Transferability, which is the extent to which results can be generalised to other contexts, was ensured by utilising purposive sampling techniques to make sure that they were appropriately suited to answer the research questions and that they were a true representation of the population under study. The provision of a detailed description of the number of participants who met the inclusion criteria and were part of the study, using the appropriate data collection methods, and stating the number and length of the data collection sessions including the time period over which the data were collected also assured transferability.20 Data were also collected until saturation was reached, which was evident when no new information emerged. The quality of information gathered from participants took precedence to determine the final size of the sample.

Ethical Considerations

The study was conducted after obtaining ethical clearance from the University of KwaZulu-Natal Higher Degrees Ethics Committee (BREC/00002527/2021) and the Eswatini Health & Human Research Review Board (EHHRRB064/2021), as well as permission from the respective facilities where data was collected. Participation in this study was voluntary, and participants were free to withdraw at any time. Confidentiality, privacy and anonymity were respected during the data collection process. All participants signed consent forms before data collection. Demographic forms did not bear the names of participants, but instead, codes were used to protect their identity and were thereafter kept safe in a lockable cabinet in the researcher’s office.

Results

Demographic characteristics of participants

A total of 28 participants took part in the study. A majority of the nurses were female, 16 (67%), while 8 (33%) were male. For policymakers, 3 (75%) were females, while 1 (25%) was male. About half of the nurses, 12 (50%) fell within the age bracket of 25–30 years, 9 (37.5%) were in the age bracket 31–40 and 3 (12.5%) were in the 41–50 age bracket. About half 12 (50%) of nurses had worked in the ART clinic for 2–3 years, another 10 (42%) had 4–5 years of experience in the ART clinic, while only 2 (8%) had 6 years of experience. In-service disclosure training was provided to 7 (29%) nurses and 17 (71%) had not partaken in in-service disclosure training. All policymakers had served more than 3 years in their current positions. Demographic details of participants are outlined in Table 1.

TABLE 1: Nurses and policymakers demographic characteristics.

Data analysis revealed five categories, which included: (1) comprehensive education to ALHIV, (2) teen club affiliation, (3) adolescent-friendly services, (4) right to self-determination and (5) barriers in facilitating self-disclosure. Table 2 summarises the categories and subcategories of the findings.

TABLE 2: Categories and subcategories.
Comprehensive education for adolescents living with HIV

Participants in this study asserted that for adolescents to disclose, they required adequate information, and this, therefore, entailed empowering them with basic HIV information and benefits of disclosure and adolescent assessment of the person to disclose to.

Empowering adolescents with basic HIV information and benefits of disclosure

In preparing adolescents for HIV status disclosure, data revealed that nurses empowered adolescents with HIV information all over again despite that it was previously given to adolescents.

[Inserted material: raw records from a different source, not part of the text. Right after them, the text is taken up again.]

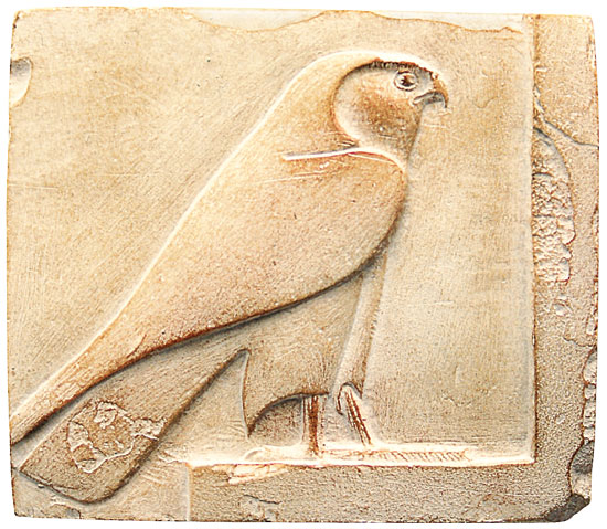 Solche Reliefs dienten im alten Ägypten als Lehrobjekte, mit denen die Bildhauer ihre Kunstfertigkeit unter Beweis stellen mussten. Original: Metropolitan Museum of Art, New York. Ptolemäer-Zeit, um 150-200 v. Chr., Kalkstein. 'Horus-Falke': Als König der Lüfte ist der Falke das heilige Tier des Königs der Götter, Horus. Er ist der Gott, der mit seinen Schwingen die Erde beschützt. Polymeres ars mundi Museums-Replikat, von Hand gegossen. Mit Aufhängevorrichtung. Format 17 x 15 cm.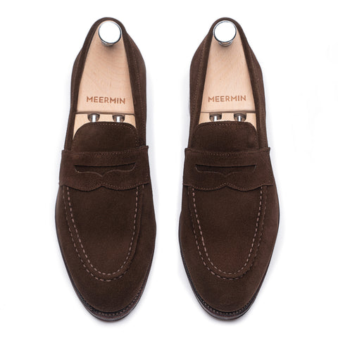 Cette version est fabriquée à partir de notre daim marron anglais ; une belle teinte de marron profond extrêmement polyvalente qui peut facilement être associée à un costume ou à une paire de jeans.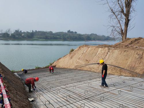四川新闻网消息 3月30日,在泸县西部抗旱抢险救灾补水工程里程滩灌区建设项目海潮镇小白村1社沱江取水施工现场,工人师傅们正在抢抓工期,对泵房基础设施进行建设。

This was to help refresh their memory and to equip them. This included information such as what is HIV, how it is transmitted, how to prevent transmission, how to live healthy with HIV, taking treatment, and rights and responsibilities that come with living with HIV. This is what some participants had to say:

‘The first step is to reinforce the information that you have given to the adolescent about HIV before, in order to ensure they have the right information.’ (P14, nurse, IDI)

‘Information is power, so adolescents need to be empowered with adequate information before they can be in a position to disclose.’ (P5, nurse, IDI)

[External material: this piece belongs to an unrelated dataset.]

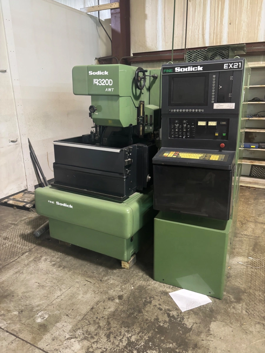 1995 SODICK A320D Wire EDM for sale, used condition. Specs: 12.5"x8"x6.8" table travel, 21.2"x14.1"x6.8" max workpiece, 770 lbs capacity, CNC Control EX21. Power: 200/220V, 16kVA. Includes dielectric filtration and submersible flushing.

Participants stated that adolescents are also informed of the benefits of disclosure and how disclosing assists them in getting social support from the person they are disclosing to, enhances their self-esteem and promotes trust in relationships. However, adolescents should utilise ‘why’, ‘when’ and ‘how’, so that they understand why an individual should disclose, when to disclose and how to disclose. The following statements confirm this:

‘Disclosure is good for the person who is disclosing; it gives them that feeling of doing something right.’ (P2, nurse, IDI)

‘We tell them that after you have disclosed, the individual will take the role of supporting you in that situation.’ (P16, nurse, IDI)

Pre-disclosure assessment

Some participants also explained that it is crucial for adolescents to assess the HIV knowledge of the person they plan to disclose to by asking questions, and if they felt there was a gap in HIV knowledge, then they would educate that person first with the right information and then progressively move towards disclosure of their status. This is what some participants said:

‘Adolescents are told the importance of first assessing what the person they want to disclose to knows about HIV, if it is clear they have sufficient information about HIV, then disclosure can happen.’ (P9, nurse, IDI)

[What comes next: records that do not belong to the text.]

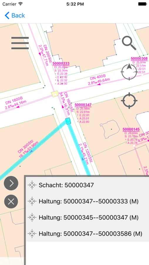 Die vorliegende Version beinhaltet neben der Karte bereits alle grundlegenden Auskunftsfunktionalitäten für die Stammdaten der Schächte und Haltungen. Je nach eingesetzten KANDIS Server Modulen stehen zusätzliche Funktionalitäten bereit, zum Beispiel die Verfügbarkeit beliebig miteinander verknüpfter Dokumente oder das Editieren von Fachdaten. Auch ein Locator zur Kartennavigation ist einbindbar.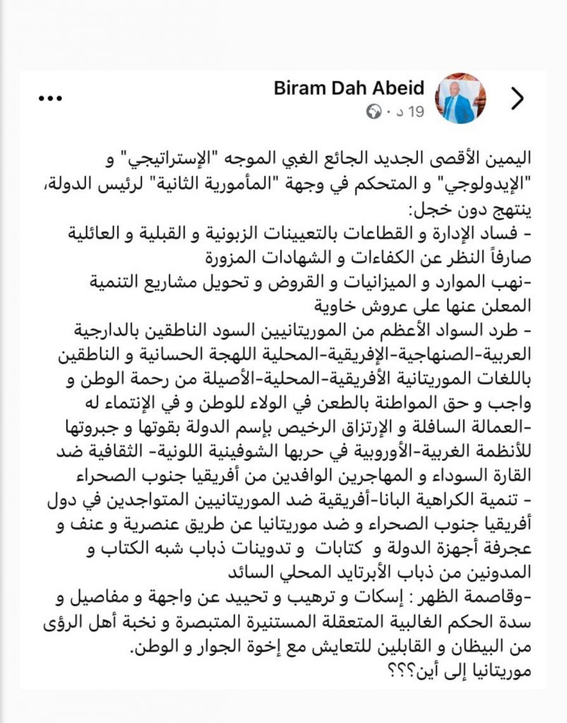 موريتانيا إلى أين؟ بقلم النائب برام الداه اعبيد 3 ساعات مضت Print PDF eBook كتب رئيس حركة إيرا النائب البرلماني برام الداه اعبيد على صفحته على الفبسبوك ما يلي : شاركها Facebook Twitter Stumbleupon LinkedIn Pinterest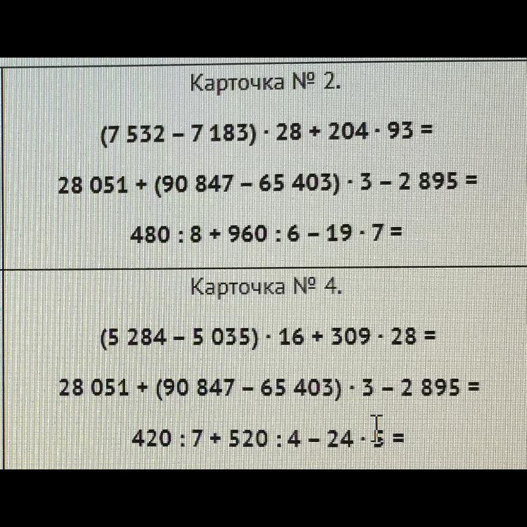 решите математику пожалуйста в по действиям а действия в столбик(только карточку 4)

‘Disclosing to someone who has very little knowledge about HIV may lead to rejection, so it is not advisable to disclose if someone is not well informed.’ (P6, nurse, IDI)

Teen club affiliation

Adolescents do not inherently have self-disclosure skills and regular attendance of teen club meetings, utilising peer educators and ongoing psychosocial support would help prepare them for disclosure.

Regular attendance of teen club meetings

Participants stated that they encouraged ALHIV to meet with other adolescents in the teen club because it ensured age-specific peer support for adolescents and made it easier to educate them about issues that confront them. During the teen club meetings, adolescents are grouped according to their ages as their levels of understanding are different, and this helps to focus mainly on the issues that are relevant to them. The younger adolescents aged 10–14 years are taught about treatment adherence and living a healthy lifestyle and the mature 15–19-year-olds are given additional information such as HIV prevention and transmission, how to use condoms and self-disclosure. The following excerpts confirm this:

‘Here we have the teen club, and the children come on Saturday once a month. This is a good place to see them as a group and teach them in general because others get the message better when it’s like a relaxed and jolly environment than having a serious setup.’ (P3, nurse, IDI).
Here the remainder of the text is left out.